Mesquite News > News
Mesquite Community Appearance manual discussed
The Mesquite City Council discussed the effects the city’s community appearance manual has on development in its industrial areas during its pre-meeting on Monday, Dec. 17.
Several members of their council voiced concerns as to whether some requirements in the manual increased the cost of development too much and drove business away.
Councilman Greg Noschese inquired about the additional costs that a developer may incur to be in compliance with the manual.
“I think that’s one of the key things is to know how the [community appearance manual] affects developers. We need to be mindful is we are pricing ourselves out of the market. We could be running off business and we don’t want to do that.
Councilman Dennis Tarpley echoed the concerns of Noschese.
“I don’t want the [community appearance manual] to cause us to lose businesses or prevent businesses from coming,” Tarpley said.
“I can’t bite off that the [community appearance manual] is driving businesses away,” said Richard Gertson, director of community development.

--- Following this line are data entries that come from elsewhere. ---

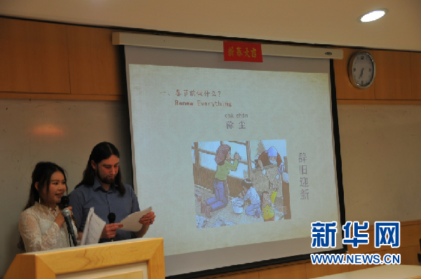 活動現場,女主持人劉津巧介紹春節的傳統習俗。新華網發 劉學攝
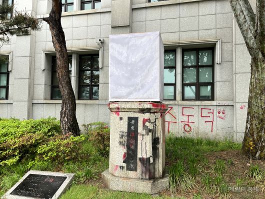 16일 오전 동덕여대 캠퍼스. 남녀공학 전환에 반대해 지난 11월 벌어진 교내 점거 농성 6개월이 지난 현재도, 동덕여대 설립자 조용각 전 이사장 흉상에는 붉은 래커와 페인트 자국이 그대로 남아 있다. 윤성현 수습기자. |
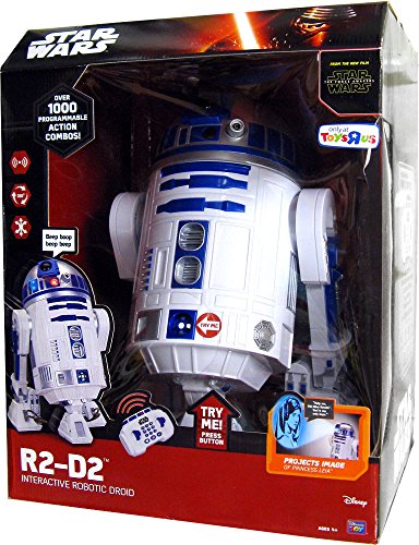 Engage in galactic fun with the Star Wars R2-D2 Interactive Droid, which features a remote control that commands the droid and initiates over 1,000 action combinations for never-ending fun. R2-D2 will respond to you with voice-activated talking and his head turns during entertaining sound effects. With the push of a button, have the droid move forward, backward, left or right and watch the robot turn in any direction for ultimate interactive excitement.Feature
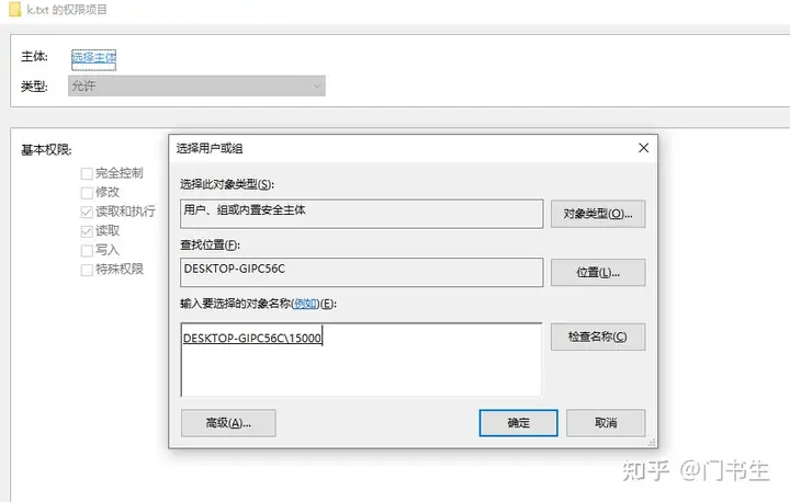 这时权限目录应该变空了。选择添加,点击选择主体,输入用户名。用户名可以从C:\Users目录下查看,然后选择检查名称:
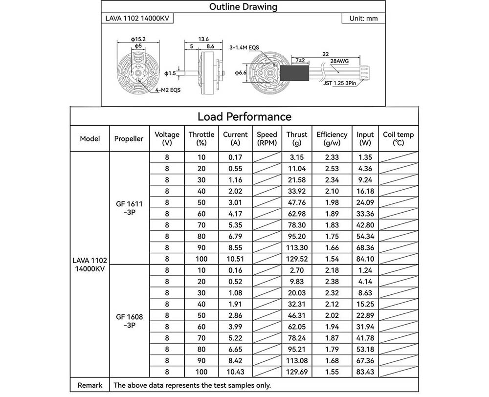 BETAFPV LAVA 1102 14000KV ist ein kleiner Motor, der für 1,6" Tinywhoop-Drohnen mit 2S-Akkus entwickelt wurde. Die Motoren verfügen über kurze 28AWG-Kabel mit einer Länge von 22 mm und einen Steckanschluss für den einfachen Anschluss an ein AIO-Flight-Controller-Board. Die Wellenstärke beträgt 1,5 mm, und die Montagelöcher entsprechen dem 6,6 mm M1.4 Standard.
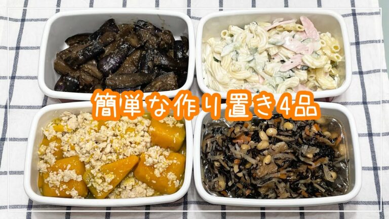 【簡単な作り置き4品】茄子の胡麻酢炒め/ひじき煮/マカロニサラダ/南瓜のそぼろ煮

Gertson discussed the city’s use of the community appearance manual to regulate businesses in the industrial areas. He said that buildings must meet certain principles in the manual to be compliant.
“The council [at the time it was approved] felt it was important for the primary façade to meet certain principles,” Gertson said. “The secondary facades can be wrapped with similar materials.”
The manual was created at the suggestion of two members of the Planning and Zoning Commission, Tony Apel and Richard Allen, both of whom are architects.
“They were the driving forces behind it. Tony took the model from another city and we adopted it for our use,” Gertson said.
The manual has a few allowable exceptions that must be approved by the director of community development. These exceptions allow the director of community development to wave some of the masonry requirements on the façade.
“In industrial districts they may use concrete tilt wall. It’s the cheapest way to construct a building other than metal,” Gertson said. “Concrete tilt wall will not be allowed in retail areas.”
For a business to request an exception to the requirements it is filtered through the case worker to Gertson.